Adur District Council (24 009 802)
Category : Environment and regulation > Refuse and recycling
Decision : Closed after initial enquiries
Decision date : 11 Nov 2024
The Ombudsman's final decision:
Summary: We will not investigate Mrs X’s complaint about the Council requiring her and fellow flat tenants to pay for an additional communal waste bin. The Council says its adopted policy allows it to charge. Even if there has been Council fault, the injustice to Mrs X and other tenants is not sufficiently significant to warrant us investigating. We also cannot achieve the outcome Mrs X wants.
The complaint
- Mrs X lives in a block of flats with large communal bins. She complains the Council is requiring the property’s residents to pay the cost of an additional bin.
- Mrs X says the new fortnightly collections mean that without another bin the property’s waste capacity is too small and bins are overflowing. She says wildlife is taking rubbish from the bins and it is becoming a health and safety issue. Mrs X wants the Council to give the block another bin without charging residents.
The Ombudsman’s role and powers
- We investigate complaints about ‘maladministration’ and ‘service failure’, which we call ‘fault’. We must also consider whether any fault has had an adverse impact on the person making the complaint, which we call ‘injustice’. We provide a free service but must use public money carefully. We do not start or continue an investigation if we decide:
- any fault has not caused injustice to the person who complained; or
- any injustice is not significant enough to justify our involvement; or
- we cannot achieve the outcome someone wants.
(Local Government Act 1974, section 24A(6), as amended, section 34(B))
How I considered this complaint
- I considered information from Mrs X and the Ombudsman’s Assessment Code.
My assessment
- Councils are entitled to charge for bins. The Council says it does not have sufficient budget to pay for large communal bins. Even if there has been fault by the Council in its position on this issue, we will not investigate. The cost of the bin per household in Mrs X’s block of flats would be about £12 each. There is insufficient significant financial injustice to Mrs X from the Council’s policy on the bin charge to warrant investigation. The practical problems with the current number of bins stems from not buying an additional bin, not from the Council’s charging policy.

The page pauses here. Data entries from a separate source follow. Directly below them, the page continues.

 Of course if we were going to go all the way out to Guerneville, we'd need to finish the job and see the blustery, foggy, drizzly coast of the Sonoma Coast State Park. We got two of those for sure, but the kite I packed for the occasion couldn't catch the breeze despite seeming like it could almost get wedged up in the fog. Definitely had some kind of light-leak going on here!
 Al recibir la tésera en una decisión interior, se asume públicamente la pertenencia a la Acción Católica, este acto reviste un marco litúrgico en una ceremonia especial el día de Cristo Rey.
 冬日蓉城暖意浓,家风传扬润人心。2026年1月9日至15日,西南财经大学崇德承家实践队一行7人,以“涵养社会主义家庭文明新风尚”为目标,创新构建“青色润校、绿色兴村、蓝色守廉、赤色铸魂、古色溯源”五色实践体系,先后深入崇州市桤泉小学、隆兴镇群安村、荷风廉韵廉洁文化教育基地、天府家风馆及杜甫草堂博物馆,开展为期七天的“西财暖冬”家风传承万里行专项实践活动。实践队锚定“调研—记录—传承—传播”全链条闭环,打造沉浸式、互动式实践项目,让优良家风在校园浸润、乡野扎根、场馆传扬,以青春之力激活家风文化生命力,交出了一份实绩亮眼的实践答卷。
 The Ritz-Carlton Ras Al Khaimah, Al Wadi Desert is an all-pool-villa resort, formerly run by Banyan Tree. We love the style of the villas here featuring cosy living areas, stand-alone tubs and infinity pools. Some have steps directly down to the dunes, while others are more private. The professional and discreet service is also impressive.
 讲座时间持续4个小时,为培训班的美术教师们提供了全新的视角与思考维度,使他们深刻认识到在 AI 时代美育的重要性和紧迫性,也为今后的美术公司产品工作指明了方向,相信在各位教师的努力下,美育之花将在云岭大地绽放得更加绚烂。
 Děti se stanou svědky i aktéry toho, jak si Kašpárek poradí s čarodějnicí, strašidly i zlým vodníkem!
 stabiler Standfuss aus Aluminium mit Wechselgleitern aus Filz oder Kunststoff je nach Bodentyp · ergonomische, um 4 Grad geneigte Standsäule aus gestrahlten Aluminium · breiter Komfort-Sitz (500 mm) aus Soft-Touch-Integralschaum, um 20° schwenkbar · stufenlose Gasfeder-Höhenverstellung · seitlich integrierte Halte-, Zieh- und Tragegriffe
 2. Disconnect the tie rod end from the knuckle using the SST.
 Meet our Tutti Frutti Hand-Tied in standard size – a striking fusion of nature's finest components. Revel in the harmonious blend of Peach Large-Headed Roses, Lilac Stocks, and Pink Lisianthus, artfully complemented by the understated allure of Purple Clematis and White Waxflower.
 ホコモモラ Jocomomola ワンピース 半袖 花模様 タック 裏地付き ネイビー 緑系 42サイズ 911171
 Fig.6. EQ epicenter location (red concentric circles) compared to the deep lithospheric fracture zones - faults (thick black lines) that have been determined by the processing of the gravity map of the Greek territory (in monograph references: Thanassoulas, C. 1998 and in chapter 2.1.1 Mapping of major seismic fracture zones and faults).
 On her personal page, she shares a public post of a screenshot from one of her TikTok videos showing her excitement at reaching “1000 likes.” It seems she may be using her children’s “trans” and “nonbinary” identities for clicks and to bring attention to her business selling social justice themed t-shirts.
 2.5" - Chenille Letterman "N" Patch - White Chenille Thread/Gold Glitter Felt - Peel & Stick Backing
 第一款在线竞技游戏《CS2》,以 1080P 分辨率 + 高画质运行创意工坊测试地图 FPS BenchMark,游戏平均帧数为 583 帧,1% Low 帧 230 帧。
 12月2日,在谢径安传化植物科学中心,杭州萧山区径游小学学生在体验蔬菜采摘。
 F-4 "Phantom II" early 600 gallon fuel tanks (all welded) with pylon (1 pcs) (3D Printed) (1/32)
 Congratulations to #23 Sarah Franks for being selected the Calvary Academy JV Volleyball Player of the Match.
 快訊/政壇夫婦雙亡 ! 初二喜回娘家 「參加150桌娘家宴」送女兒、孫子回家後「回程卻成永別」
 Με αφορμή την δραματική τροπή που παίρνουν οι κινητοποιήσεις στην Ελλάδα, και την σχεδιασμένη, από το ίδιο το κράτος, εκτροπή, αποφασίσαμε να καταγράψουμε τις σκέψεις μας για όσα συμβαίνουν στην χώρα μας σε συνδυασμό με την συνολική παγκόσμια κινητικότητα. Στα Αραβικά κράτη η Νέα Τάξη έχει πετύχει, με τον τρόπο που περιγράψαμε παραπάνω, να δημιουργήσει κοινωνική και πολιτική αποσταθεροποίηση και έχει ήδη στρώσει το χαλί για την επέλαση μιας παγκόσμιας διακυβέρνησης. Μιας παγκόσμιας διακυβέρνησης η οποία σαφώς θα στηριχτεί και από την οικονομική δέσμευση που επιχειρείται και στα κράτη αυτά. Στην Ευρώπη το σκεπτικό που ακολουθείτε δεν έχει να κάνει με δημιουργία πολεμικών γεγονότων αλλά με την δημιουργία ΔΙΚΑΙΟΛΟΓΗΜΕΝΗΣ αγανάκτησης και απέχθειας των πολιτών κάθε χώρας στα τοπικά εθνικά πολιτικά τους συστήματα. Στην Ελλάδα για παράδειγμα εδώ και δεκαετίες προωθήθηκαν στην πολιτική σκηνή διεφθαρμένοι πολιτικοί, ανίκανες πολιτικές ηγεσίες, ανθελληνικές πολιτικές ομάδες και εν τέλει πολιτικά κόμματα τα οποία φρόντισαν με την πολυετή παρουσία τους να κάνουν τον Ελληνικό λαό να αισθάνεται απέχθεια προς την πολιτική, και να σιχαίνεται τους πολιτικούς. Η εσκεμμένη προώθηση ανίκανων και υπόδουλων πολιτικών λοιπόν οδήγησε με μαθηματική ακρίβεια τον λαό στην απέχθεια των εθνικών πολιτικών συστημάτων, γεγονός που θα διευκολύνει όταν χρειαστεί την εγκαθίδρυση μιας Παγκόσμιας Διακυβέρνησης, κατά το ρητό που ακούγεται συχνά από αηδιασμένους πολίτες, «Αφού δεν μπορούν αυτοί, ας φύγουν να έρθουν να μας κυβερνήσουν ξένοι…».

- Mrs X and her fellow residents might also be able to refer the bin issue to their managing agent if they have one. Such agents would normally organise communal matters like bins. It would then be for the agent to deal with the Council. The agent may meet the bin costs from any fees residents pay to them to manage the property.
- We note Mrs X wants us to tell the Council to supply the block’s new bin without charging residents. We cannot order a council to do this. That we cannot achieve the outcome Mrs X wants is a further reason why we will not investigate.
Final decision
- We will not investigate Mrs X’s complaint because:
- the injustice to her and other tenants is not sufficiently significant to warrant us investigating; and
- we cannot achieve the outcome she wants.